Короче говоря, Людочке пришлось корпеть над громадным массивом информации, представленной как в электронном, так и в печатном виде. Довольно скоро она выяснила, что в апреле текущего года границы России в легальном порядке пересекло около полусотни Рудольфов и значительно меньшее количество всяких там Руди, Ральфов и Раулей.
Канадских граждан в этой компании оказалось всего трое, причём никто из них предъявленным требованиям не соответствовал. Один был баптистским проповедником восьмидесяти двух лет от роду, второй – юным бойскаутом, премированным билетом в кругосветный круиз за хорошую учёбу, третий хоть и подходил по возрасту, но, в отличие от Голиафа, пребывал в добром здравии, снимая номер-люкс в гостинице «Рэдисон-Славянская». Он даже удостоил Людочку короткого телефонного разговора, поделившись планами создания российско-канадского предприятия по разведению породистых ездовых собак.
Разочарованная таким поворотом событий, но отнюдь не сломленная, Людочка принялась пересматривать все списки повторно, присовокупив на всякий случай и сведения за март (прежде чем взойти на свою Голгофу, исстрадавшийся на чужбине эмигрант вполне мог погостить у дальних и ближних родственников).

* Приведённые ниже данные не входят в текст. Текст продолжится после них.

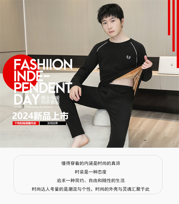 2024新型ビジネス徳絨秋衣秋ズボン加毛保温下着男性スーツ

Однако и на сей раз результаты оказались неутешительными. Количество Рудольфов, конечно, возросло, но все они, как назло, не лезли в строгие рамки, установленные для загадочного человека, не так давно лишившегося головы прямо на глазах у известного бандита Сергея Гобашвили.
Людочка уже и не знала, что ей думать. То ли пресловутый Рудольф Павлович сменил в чужой стране все свои анкетные данные, то ли пересёк границу по подложному паспорту, то ли он вообще не существовал в природе, являясь лишь плодом воображения некоего коварного Льва.

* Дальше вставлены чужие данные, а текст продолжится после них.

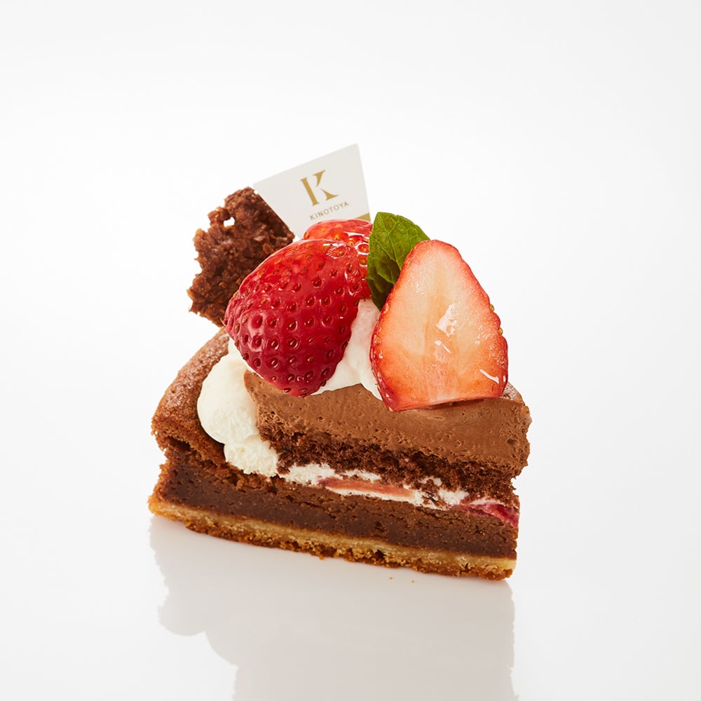 チョコレートムースとチョコレート風味のしっとりタルト生地で、生クリームとスライスイチゴをサンドし、クッキー生地に重ね、イチゴとサクッとしたチョコクランチで飾りました。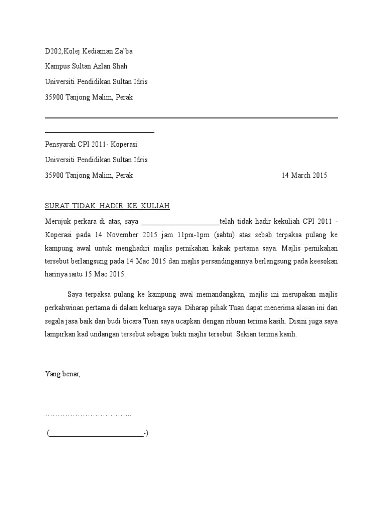 Contoh surat tidak hadir ke kuliah universiti. Asal tak bolos atau tidak masuk lebih dari empat kali di tiap mata kuliah maka mereka merasa aman. Related posts to contoh surat rasmi tidak hadir ke kuliah universiti contoh surat rasmi tidak hadir ke kuliah universiti 2018 04 25t05 30 00 07 00 rating. Contoh surat kiriman rasmi tidak dapat hadir ke kuliah contoh surat kiriman rasmi tidak hadir ke tempat kerja have a graphic associated with the other contoh surat kiriman rasmi tidak hadir ke tempat kerja in addition it will include a picture of a sort that could be seen in the gallery of contoh surat kiriman rasmi tidak hadir ke tempat kerja. Contoh surat izin tidak masuk kuliah contoh surat izin kuliah seharusnya wajib dimiliki oleh tiap mahasiswa.

– И как же у тебя, Люсенька, ручки не опустились! – подивился Цимбаларь. – Я бы от такой невезухи, честное слово, запил.
– Была у меня такая мысль, – честно призналась Людочка. – Только, конечно, не запить, а просто плюнуть на всё. Но потом я представила себе, с каким ехидством вы будете ухмыляться, если я вернусь ни с чем. Дабы не доставить вам такого удовольствия, пришлось возобновить этот сизифов труд.
Снедаемая честолюбием, жертвуя сном и горячей пищей, непрестанно сражаясь со Сциллой компьютерных данных и Харибдой бумажной документации, Людочка старательно выискивала давно остывший след. Не добившись толку от имён, она переключилась на даты, выделив в отдельную группу всех пассажиров мужского пола, родившихся в промежутке между сорок восьмым и пятьдесят третьим годом.
Самой перспективной фигурой в этом списке оказался пятидесятипятилетний подданный Никарагуа Паоло Рудольфи, но и он, подлец, оказался жив! Мало того, приняв Людочку за сутенёршу, обзванивающую потенциальных клиентов, этот самый Рудольфи стал со знанием дела интересоваться габаритами московских путан. Причём особы с модельной внешностью его не привлекали. Путешествие на другой континент господин Рудольфи предпринял исключительно для поисков десятипудовой русской бабы, способной разрешить все его сексуальные комплексы.
Терпеливо выслушав страстный и сбивчивый монолог далеко уже не юного никарагуанца, вдобавок путавшего английские и испанские слова, Людочка едва не разрыдалась – не от недостатка собственного веса, конечно, а от очередной неудачи. Всё надо было начинать сначала.
Цимбаларь, знавший немало тружениц секса, отличавшихся богатырской статью, весьма заинтересовался историей дона Рудольфо, но Кондаков немедленно осадил его:
– Оставь этот товар для себя, а заодно и помолчи. Сегодня у нас не капустник какой-нибудь, а бенефис Людмилы Савельевны.
Как ни странно, но правильное направление Людочкиным мыслям задала песня «Беловежская пуща», прозвучавшая в обеденный перерыв по радио. И хотя сама она никогда не посещала этот заповедный лесной массив, известный пышными царскими охотами, стадами реликтовых зубров, ныне вымирающих от трихинеллёза, партизанским прошлым, крепчайшей самогонкой да ещё местечком Вискули, где на судьбе последней мировой империи был поставлен жирный крест, – её что-то словно в сердце кольнуло. И причина тому крылась даже не в минорном мотивчике, так соответствующем настроению девушки.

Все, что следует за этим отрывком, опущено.